After updating my iPad (mini) to iOS7 I experienced that my drawing app is lagging and crashing after a few strokes.
Now, when I run the app with Instruments/memory allocation tool in xcode 5, I see that the VM: CG raster data category is filling up rapidly when drawing on the screen. There seems to be a multitude of CGDataProviderCreateWithCopyOfData calls being made, each 3.00Mb in size.
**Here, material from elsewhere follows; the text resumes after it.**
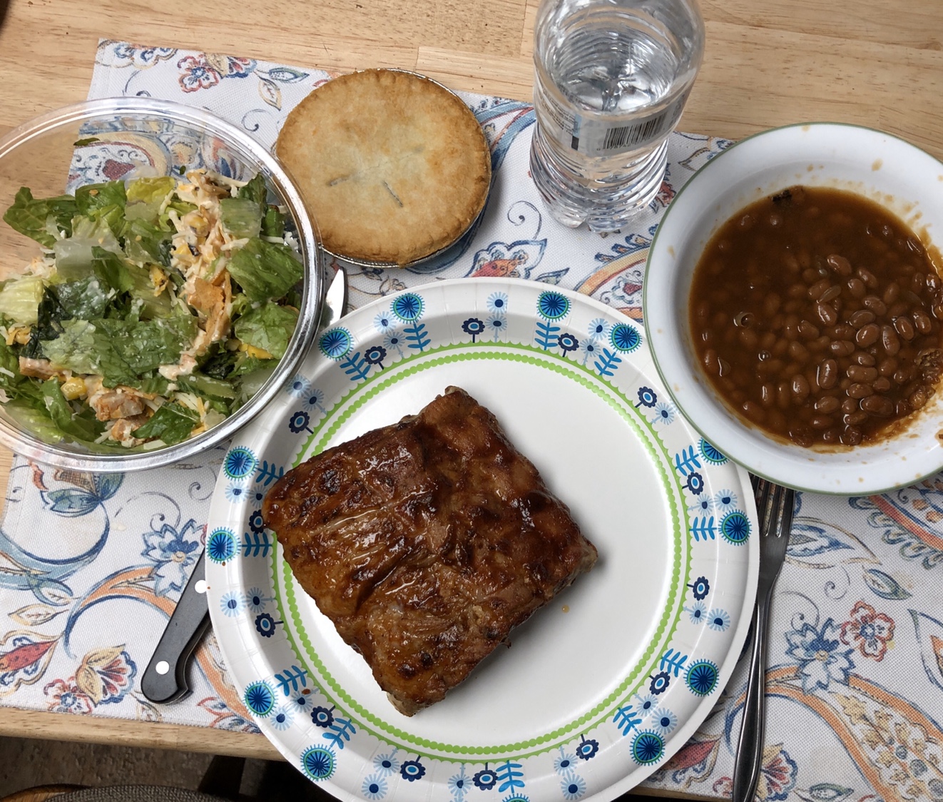 A single guys dinner. Southwest salad. Ricks ribs in instapot. Baked beans and blueberry pie. I am full. Adjustments.JPG

After continous drawing the app receives memory warnings, and usually terminates.
The code basically strokes paths into an imagecontext, more or less like this:
UIGraphicsBeginImageContext(self.view.frame.size);
[drawImage.image drawInRect:CGRectMake(0, 0, self.view.frame.size.width, self.view.frame.size.height)];
CGContextSetLineCap(UIGraphicsGetCurrentContext(), kCGLineCapRound);
CGContextSetLineWidth(UIGraphicsGetCurrentContext(), 5.0);
CGContextSetRGBStrokeColor(UIGraphicsGetCurrentContext(), 1.0, 0.0, 0.0, 1.0);
CGContextBeginPath(UIGraphicsGetCurrentContext());
CGContextMoveToPoint(UIGraphicsGetCurrentContext(), lastPoint.x, lastPoint.y);
CGContextAddLineToPoint(UIGraphicsGetCurrentContext(), currentPoint.x, currentPoint.y);
CGContextStrokePath(UIGraphicsGetCurrentContext());
drawImage.image = UIGraphicsGetImageFromCurrentImageContext();
UIGraphicsEndImageContext();
On iOS7/iPad this is extremely laggy and has memory issues, while on iOS6 this was fairly speedy and had no negative memory footprint.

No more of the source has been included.